■ Data in this exercise:
┌────────
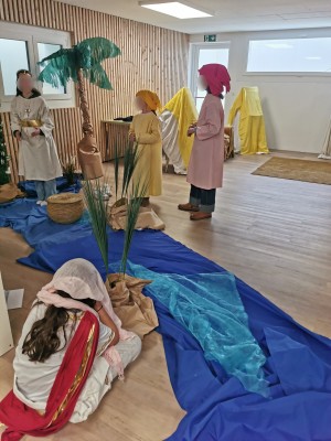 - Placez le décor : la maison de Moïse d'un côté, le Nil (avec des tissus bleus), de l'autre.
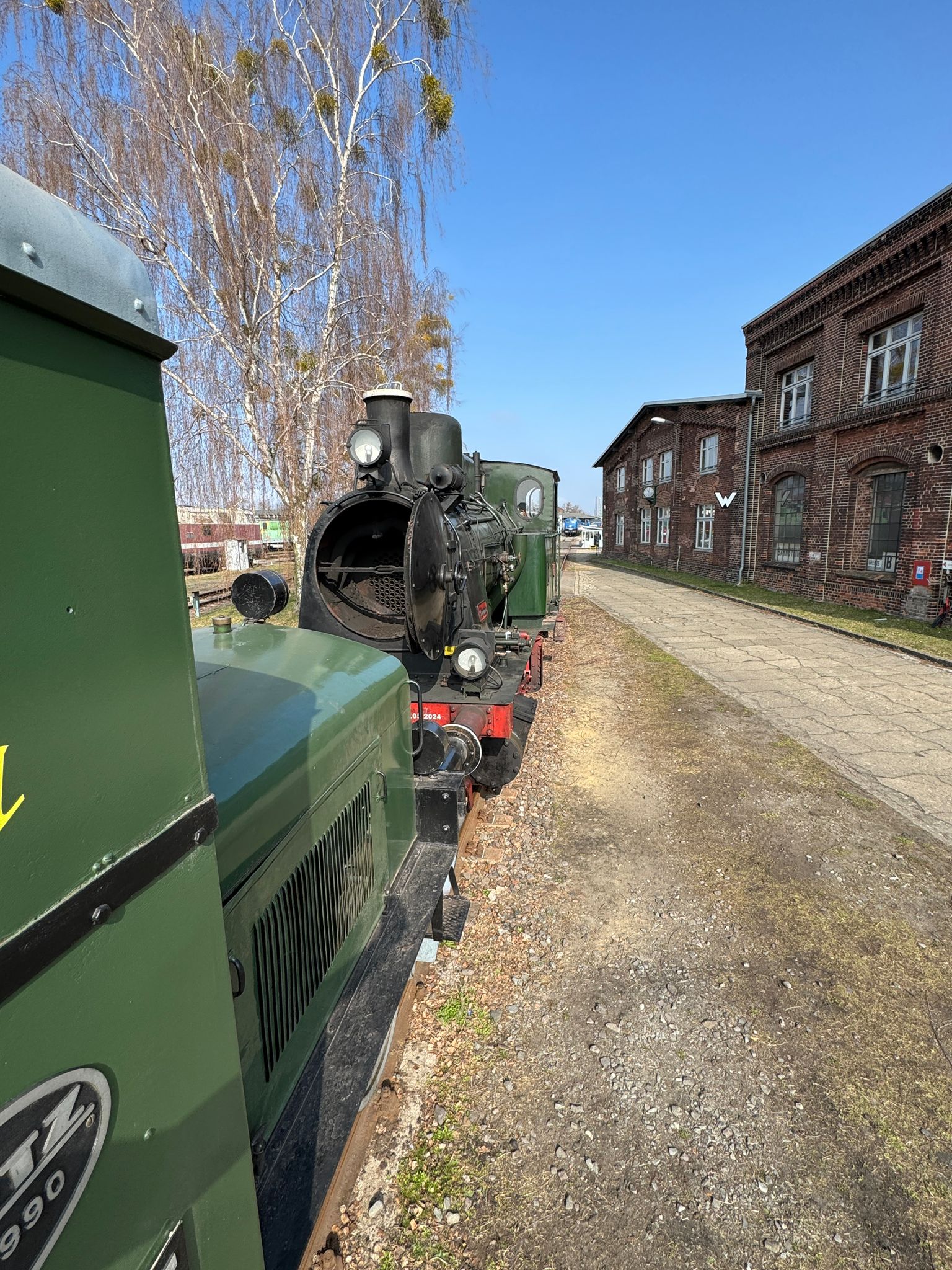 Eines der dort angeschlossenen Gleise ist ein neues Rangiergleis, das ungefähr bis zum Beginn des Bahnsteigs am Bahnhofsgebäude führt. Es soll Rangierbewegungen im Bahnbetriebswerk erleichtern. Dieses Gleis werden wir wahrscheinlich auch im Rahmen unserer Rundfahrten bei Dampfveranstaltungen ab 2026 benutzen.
└────────
┌────────
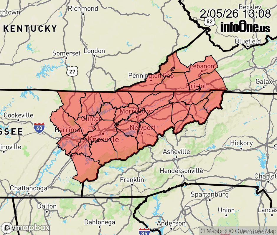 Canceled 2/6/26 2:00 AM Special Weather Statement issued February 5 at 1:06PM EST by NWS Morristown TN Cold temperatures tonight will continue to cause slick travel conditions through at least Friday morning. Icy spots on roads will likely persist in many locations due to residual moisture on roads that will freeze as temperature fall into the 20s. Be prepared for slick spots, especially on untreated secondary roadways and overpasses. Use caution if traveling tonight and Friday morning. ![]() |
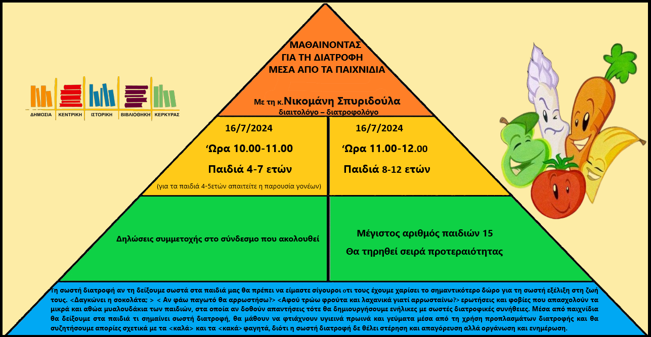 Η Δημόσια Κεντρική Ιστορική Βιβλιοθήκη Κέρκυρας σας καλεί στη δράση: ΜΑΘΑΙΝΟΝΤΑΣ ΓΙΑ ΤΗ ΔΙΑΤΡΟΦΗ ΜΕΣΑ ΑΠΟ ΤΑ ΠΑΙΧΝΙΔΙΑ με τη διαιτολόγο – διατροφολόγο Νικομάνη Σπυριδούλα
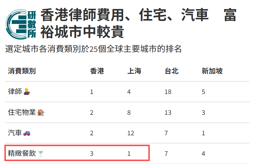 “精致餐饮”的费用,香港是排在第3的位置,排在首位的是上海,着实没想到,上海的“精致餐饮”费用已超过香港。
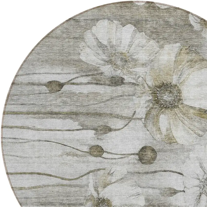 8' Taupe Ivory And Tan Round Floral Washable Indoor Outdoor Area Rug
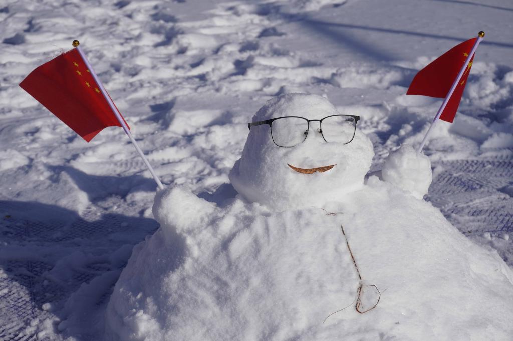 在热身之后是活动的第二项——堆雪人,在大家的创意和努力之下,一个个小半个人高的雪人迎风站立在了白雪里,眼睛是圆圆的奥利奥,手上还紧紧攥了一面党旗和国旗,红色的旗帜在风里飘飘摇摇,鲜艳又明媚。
└────────
┌────────
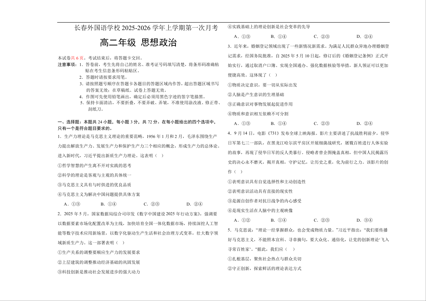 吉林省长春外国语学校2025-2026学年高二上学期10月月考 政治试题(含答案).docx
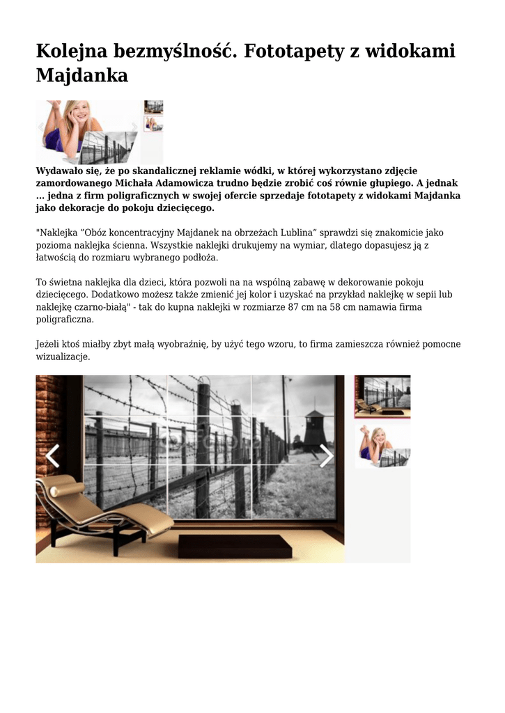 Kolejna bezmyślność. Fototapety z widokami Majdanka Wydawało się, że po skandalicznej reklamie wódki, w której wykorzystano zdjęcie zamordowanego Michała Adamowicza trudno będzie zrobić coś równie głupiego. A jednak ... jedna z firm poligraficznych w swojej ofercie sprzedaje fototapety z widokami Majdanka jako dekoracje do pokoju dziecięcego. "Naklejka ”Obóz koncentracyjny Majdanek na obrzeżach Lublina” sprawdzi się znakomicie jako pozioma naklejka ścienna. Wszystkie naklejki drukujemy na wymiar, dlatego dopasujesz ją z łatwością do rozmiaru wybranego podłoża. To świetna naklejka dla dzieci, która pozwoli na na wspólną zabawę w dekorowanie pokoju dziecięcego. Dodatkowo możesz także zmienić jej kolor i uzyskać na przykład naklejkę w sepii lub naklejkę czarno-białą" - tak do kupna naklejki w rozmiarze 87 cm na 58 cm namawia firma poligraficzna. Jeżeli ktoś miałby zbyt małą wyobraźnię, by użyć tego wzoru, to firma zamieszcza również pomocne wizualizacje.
└────────
■ Task requirements:
Starting at the line containing "8' Taupe Ivory" and finishing at the line containing "在热身之后是活动的第二项——", return those lines exactly as they appear above, without the pictures.

■ Task output:
 8' Taupe Ivory And Tan Round Floral Washable Indoor Outdoor Area Rug
 在热身之后是活动的第二项——堆雪人,在大家的创意和努力之下,一个个小半个人高的雪人迎风站立在了白雪里,眼睛是圆圆的奥利奥,手上还紧紧攥了一面党旗和国旗,红色的旗帜在风里飘飘摇摇,鲜艳又明媚。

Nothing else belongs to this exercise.